[Excerpted data Boundary: Start]

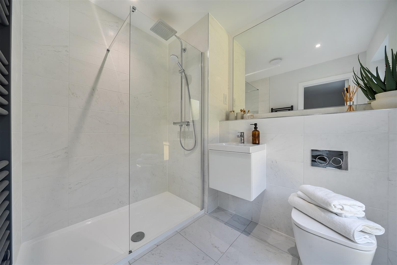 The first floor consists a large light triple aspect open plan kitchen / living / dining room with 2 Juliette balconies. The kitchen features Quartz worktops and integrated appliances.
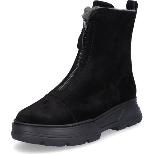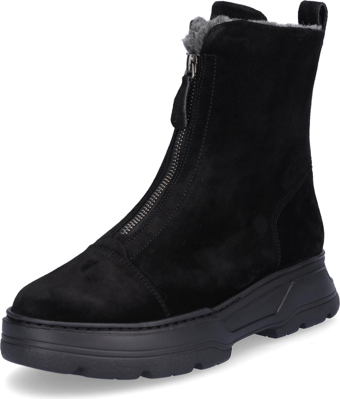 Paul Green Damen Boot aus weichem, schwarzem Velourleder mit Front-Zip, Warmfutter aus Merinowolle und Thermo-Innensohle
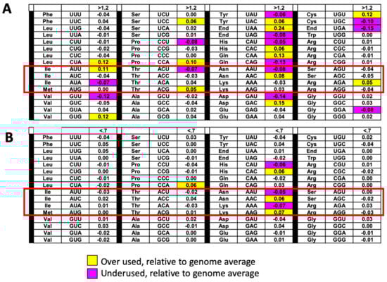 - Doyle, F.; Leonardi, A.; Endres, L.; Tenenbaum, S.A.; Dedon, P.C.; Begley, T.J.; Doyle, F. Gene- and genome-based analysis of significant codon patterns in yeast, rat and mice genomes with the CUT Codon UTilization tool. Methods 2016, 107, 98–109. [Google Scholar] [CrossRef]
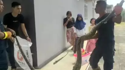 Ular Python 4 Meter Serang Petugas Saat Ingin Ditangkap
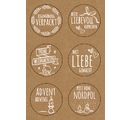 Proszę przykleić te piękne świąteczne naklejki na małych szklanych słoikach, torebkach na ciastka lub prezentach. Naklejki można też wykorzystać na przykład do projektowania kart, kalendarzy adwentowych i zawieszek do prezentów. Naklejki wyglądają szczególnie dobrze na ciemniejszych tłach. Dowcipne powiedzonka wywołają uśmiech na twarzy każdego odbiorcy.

[Excerpted data Boundary: End]
[Excerpted data Boundary: Start]

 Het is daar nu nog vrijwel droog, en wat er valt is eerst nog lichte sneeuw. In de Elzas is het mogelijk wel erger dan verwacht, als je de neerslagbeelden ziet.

[Excerpted data Boundary: End]

__What the task asks__
From the records above, give again only the part that opens with the line containing "Ular Python 4" and closes with the line containing "Proszę przykleić te". Keep both ends but drop the pictures.

__Task solution__
 Ular Python 4 Meter Serang Petugas Saat Ingin Ditangkap
 Proszę przykleić te piękne świąteczne naklejki na małych szklanych słoikach, torebkach na ciastka lub prezentach. Naklejki można też wykorzystać na przykład do projektowania kart, kalendarzy adwentowych i zawieszek do prezentów. Naklejki wyglądają szczególnie dobrze na ciemniejszych tłach. Dowcipne powiedzonka wywołają uśmiech na twarzy każdego odbiorcy.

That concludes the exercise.